In the first years of life, infants and toddlers rely on consistent, loving relationships with trusted adults to feel safe and secure. These early connections lay the groundwork for all areas of development — cognitive, emotional, and social.

Drawing on insights from Brainwave Trust Aotearoa, we’ve learned that emotional responsiveness is not just supportive — it’s essential for healthy brain development. In fact, during the first three years, a child’s brain forms more than a million neural connections every second. These connections are shaped by the relationships and interactions they experience every day. When children feel secure and understood, their brains are primed for learning. When they are stressed or emotionally disconnected, learning and development can be disrupted.

Strengthening the Key Teacher Approach

Through our inquiry, we’ve recognised the key teacher approach as central to meeting our infants’ and toddlers’ emotional needs. A strong key teacher relationship creates a secure base from which children can explore, build confidence, and form positive relationships with others. Our investigations have shown that when a child has a consistent, emotionally attuned teacher who knows them well — their routines, their cues, their unique personalities — they feel more settled, confident, and ready to engage in learning.
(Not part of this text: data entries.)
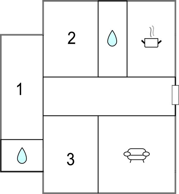 Badeværelse 4m2 (nr. 1) - WC. Varmt og koldt vand. Bruser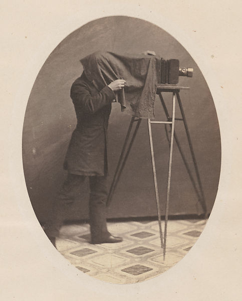 In this evocative image, picture making takes center stage. Underneath a canopy of dark cloth, the photographer poses as if to adjust the bellows of a large-format camera. The view reflected on its ground glass would appear reversed and upside down. Viewers' expectations are similarly overturned, because the photographer's subject remains unseen.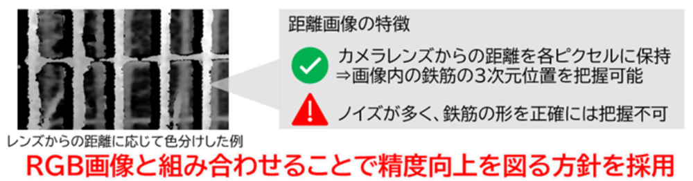画像処理アルゴリズムの概要を説明する.まず,デプスカメラの画像から鉄筋の大まかな形を抽出し,その上にデジタルカメラのRGB画像を重ね合わせ,ノイズ部分を特定する.このノイズ部分を除去する処理により実際の鉄筋に近い形状を抽出する.抽出したデータを使った計測では,誤差が最大±5mmと運用に問題ない精度になることが確認できた.本技術は特許出願中である[1](図7).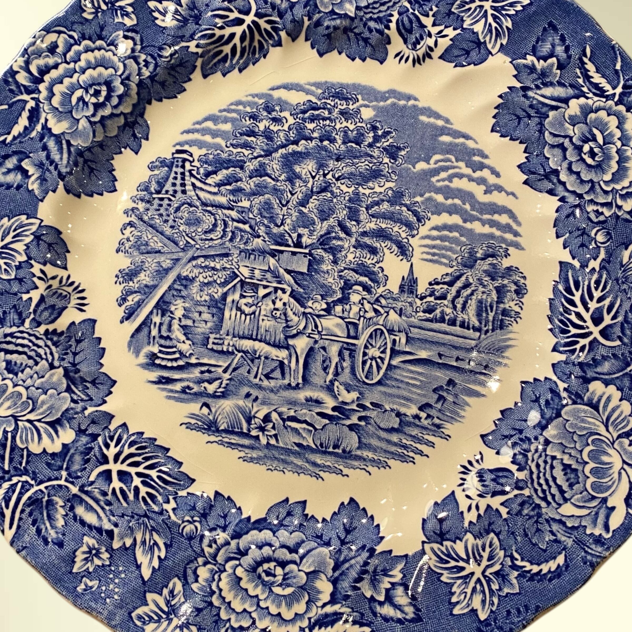 ブルー&ホワイトの銅版転写技術を用いた、英国の田園風景パターン。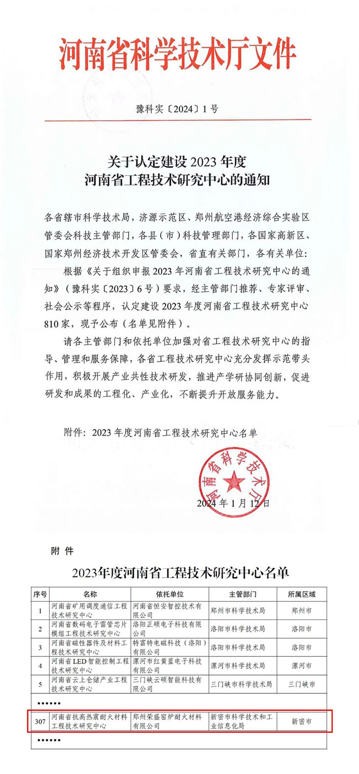 近日,河南省科學(xué)技術(shù)廳發(fā)布了《關(guān)于認(rèn)定建設(shè)2023年度河南省工程技術(shù)研究中心的通知》。經(jīng)申報、主管部門推薦、專家論證和研究等程序,鄭州榮盛窯爐耐火材料有限公司(以下簡稱“榮盛耐材”)申報的“河南省抗高熱震耐火材料工程技術(shù)研究中心”正式獲批。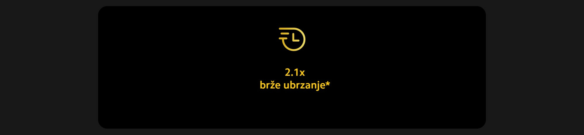*Ubrzanje od 2,4 s: Prosečno ubrzanje u režimu pojačanja od 8 do 24 km/h je 2,4 sekunde.
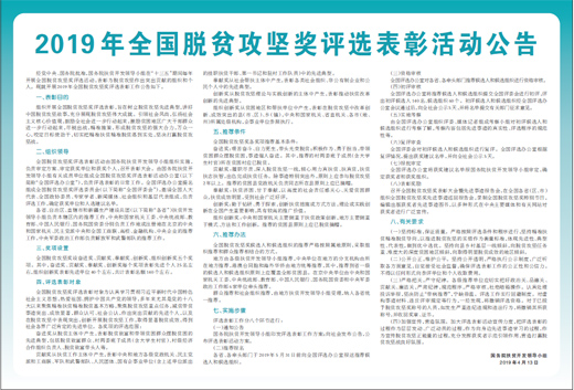 經(jīng)黨中央、國務(wù)院批準(zhǔn),國務(wù)院扶貧開發(fā)領(lǐng)導(dǎo)小組在“十三五”期間每年開展全國脫貧攻堅(jiān)獎評選活動,表彰為脫貧攻堅(jiān)作出突出貢獻(xiàn)的組織和個(gè)人?,F(xiàn)就開展2019年全國脫貧攻堅(jiān)獎評選表彰工作公告如下。

This connection also supports emotional regulation and helps tamariki feel safe enough to express their needs and feelings.

From Inquiry to Action

Now in the action phase, our Infant and Toddler kaiako are: Reinforcing Primary Relationships: Ensuring that each child has a key teacher who is consistently present and emotionally available, particularly during care moments like nappy changes, feeding, and settling. Focusing on Responsive Practice: Slowing down and being present — taking time to tune into each child’s cues, respond with warmth, and build trust through gentle, predictable interactions.

Reflecting as a Team

Holding regular reflective hui to discuss how individual children are experiencing emotional support, and how our environment and routines can better support secure attachments.

Strengthening Whānau Partnerships

Deepening conversations with parents and caregivers to ensure alignment between home and centre, and to honour the emotional rhythms and needs of each child.

What We’re Learning

This inquiry has reminded us that emotional wellbeing is foundational to learning — not something separate from it. When infants and toddlers feel emotionally supported, their capacity to engage, explore, and connect grows. Our team is seeing the difference this work is making: tamariki are more settled, transitions are smoother, and relationships are deeper.

By grounding our practice in the science of early brain development and the wisdom of responsive care, we are building a strong, secure foundation for each child — one loving interaction at a time.